WHAT YOU SHOULD DO
Exact copy, no pictures: take the lines of the listing below from the first through the one containing "A friendly and".
***** DATASET CONTENT *****
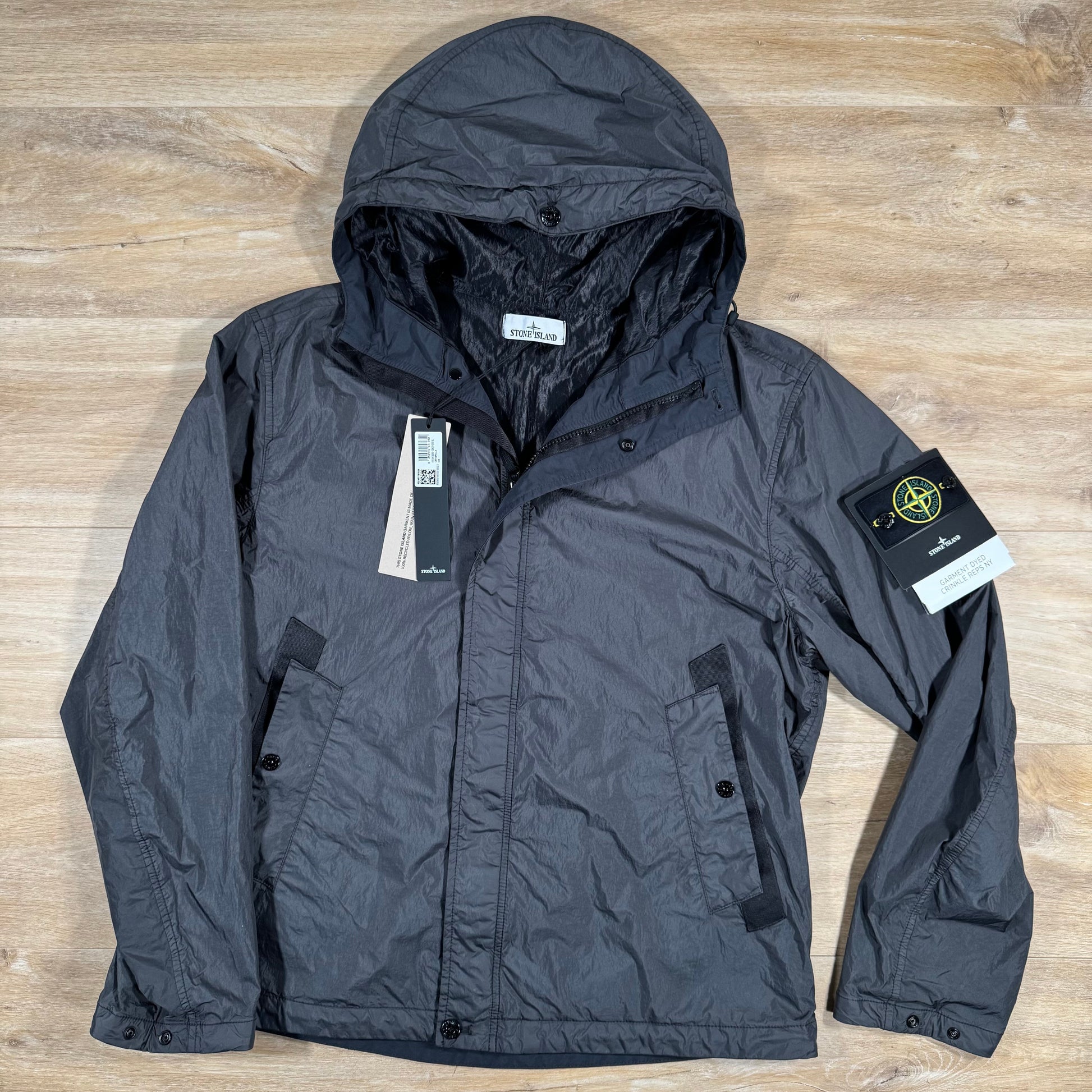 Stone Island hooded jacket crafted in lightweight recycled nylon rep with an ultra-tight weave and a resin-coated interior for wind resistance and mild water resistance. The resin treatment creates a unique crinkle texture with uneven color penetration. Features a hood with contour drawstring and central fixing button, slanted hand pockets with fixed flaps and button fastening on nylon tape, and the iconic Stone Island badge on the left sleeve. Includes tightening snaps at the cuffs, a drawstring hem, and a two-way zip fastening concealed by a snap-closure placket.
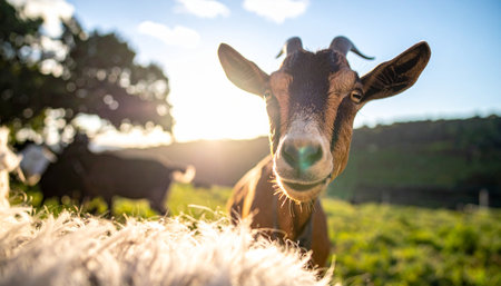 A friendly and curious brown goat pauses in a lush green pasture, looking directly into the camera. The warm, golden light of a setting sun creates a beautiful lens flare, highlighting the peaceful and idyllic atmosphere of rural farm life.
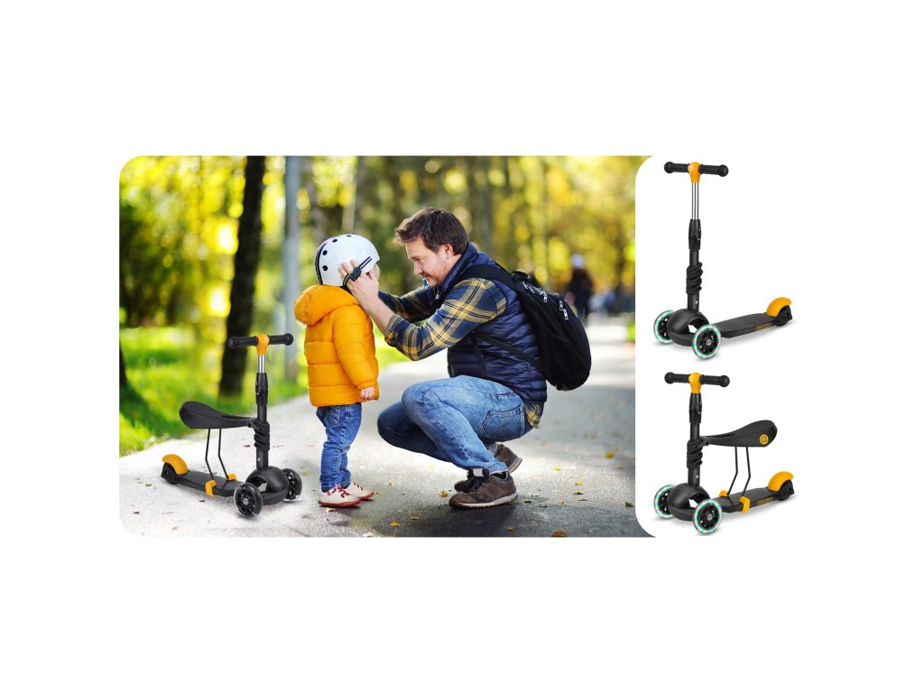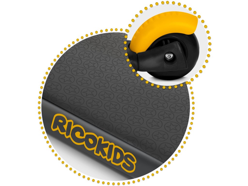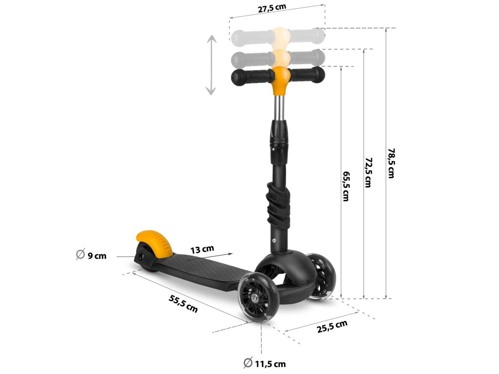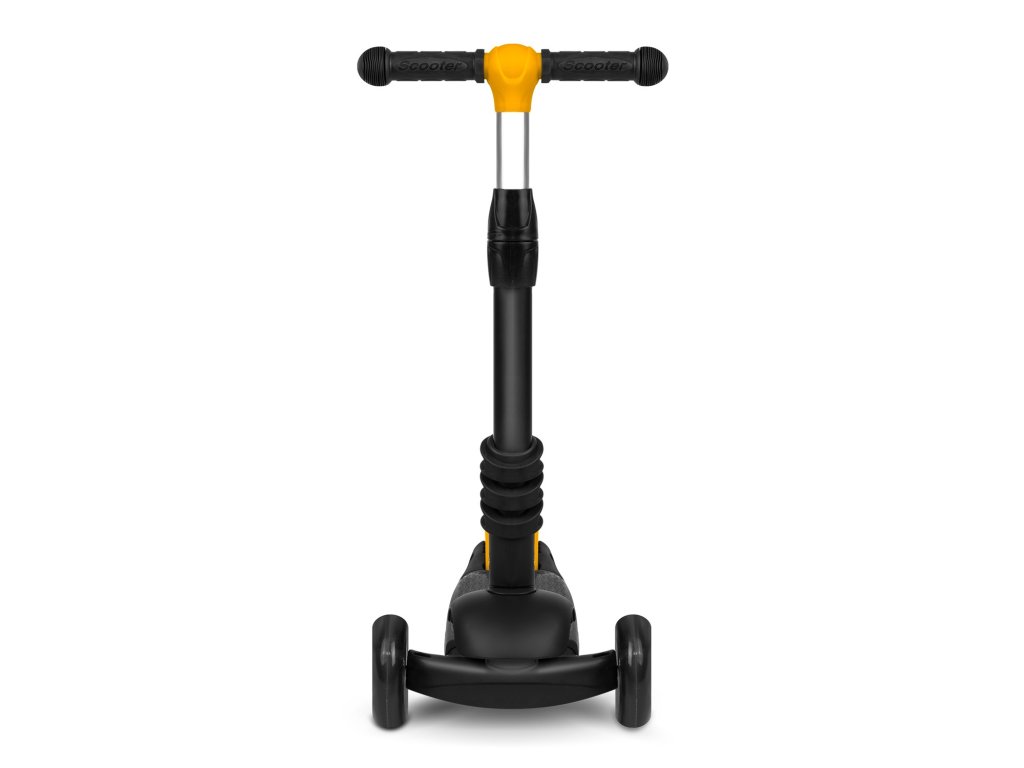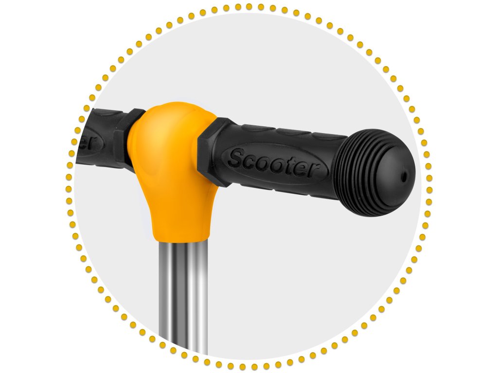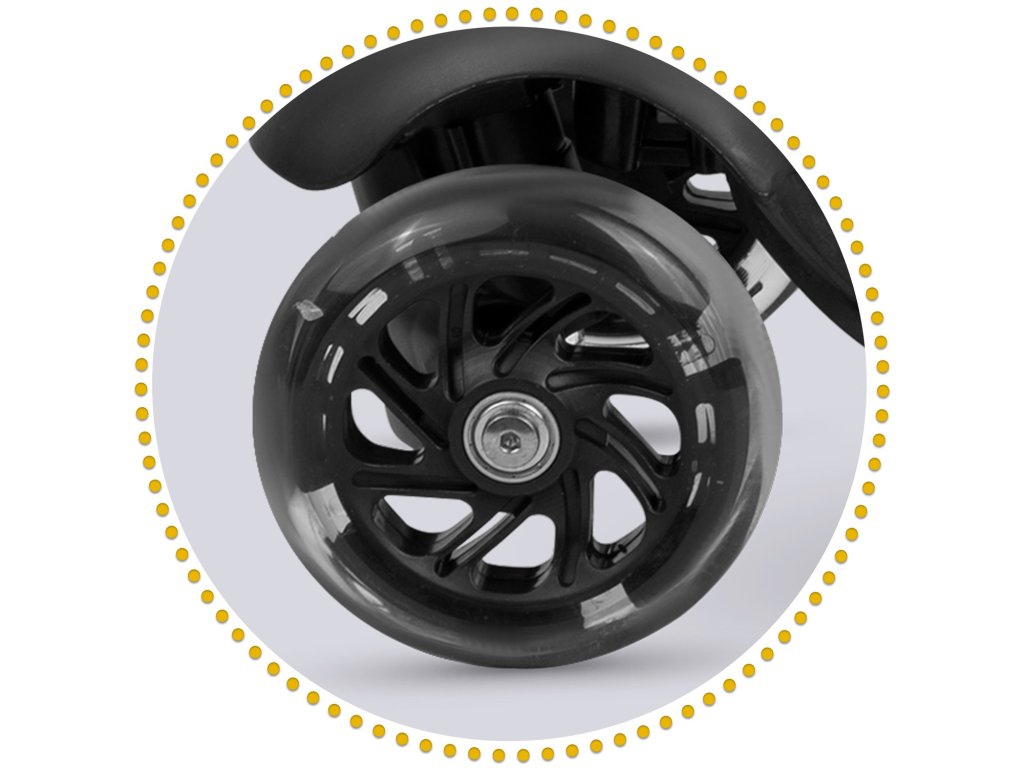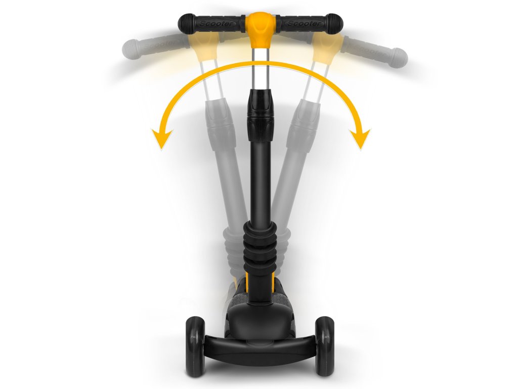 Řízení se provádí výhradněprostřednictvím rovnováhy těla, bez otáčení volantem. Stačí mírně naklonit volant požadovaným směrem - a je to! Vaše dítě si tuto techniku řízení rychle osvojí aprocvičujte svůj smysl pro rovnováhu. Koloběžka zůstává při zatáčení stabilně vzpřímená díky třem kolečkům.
*****
WRITTEN SOLUTION
 Stone Island hooded jacket crafted in lightweight recycled nylon rep with an ultra-tight weave and a resin-coated interior for wind resistance and mild water resistance. The resin treatment creates a unique crinkle texture with uneven color penetration. Features a hood with contour drawstring and central fixing button, slanted hand pockets with fixed flaps and button fastening on nylon tape, and the iconic Stone Island badge on the left sleeve. Includes tightening snaps at the cuffs, a drawstring hem, and a two-way zip fastening concealed by a snap-closure placket.
 A friendly and curious brown goat pauses in a lush green pasture, looking directly into the camera. The warm, golden light of a setting sun creates a beautiful lens flare, highlighting the peaceful and idyllic atmosphere of rural farm life.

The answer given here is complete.